What stayed with him most, although, wasn’t the logistics or turnout. It was the response.
Sanchez mentioned some individuals instructed him they skilled for weeks simply to participate — not as a result of they had been runners, however as a result of they wished to be a part of what the occasion represented.
“That meant loads,” Sanchez mentioned.
The success of the occasion drew consideration throughout the division and past. The idea, execution and impression finally led to Sanchez receiving the 2025 Officer of the Yr award from the Mixed Legislation Enforcement Associations of Texas, the biggest police labor union within the state with greater than 28,000 members.
I actually did put my coronary heart and soul into it, and I used to be very lucky, and I didn’t count on an award,” he mentioned. “The thought is that, if we may do that right here, and one other metropolis does their very own, it can develop into a norm throughout america.”

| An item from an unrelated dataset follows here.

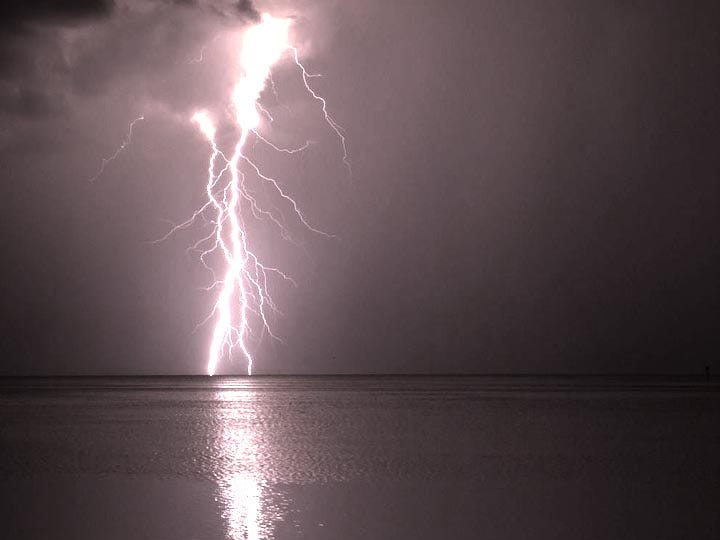 When I was a kid, my parents liked to take us down to the beach when there was a storm coming in. I remember the feeling of wind on my face, of awe mingled with a little bit of terror. There is something surreal in the way the giant arcs of lighting crossed the sky and ocean, followed by the rolling thunder and the crashing waves. The storms always seemed to come in around sunset, so the sky would be a glorious mix of storm and sinking light, a few bright stars beginning to appear. There wasn’t really any conversation during these trips, just the silent adoration of nature. The joy of witnessing the approaching power of the storm and sea is a strange and magical feeling. Even to this day, many years later, I recall that visceral feeling of raw elemental glory with a certain joie de vivre.

For Sanchez, the award has prompted reflection greater than celebration. The work, he’s realized, isn’t at all times about dramatic moments or fast outcomes. Generally it’s about displaying folks a distinct model of policing than the one they count on.
Generally it’s about planting an concept that sticks lengthy after the interplay ends.
“Going again to why I turned a police officer, I wished to avoid wasting one life. Properly, what does that actually imply?” he mirrored. “Perhaps, inspiring folks is a part of that as properly.”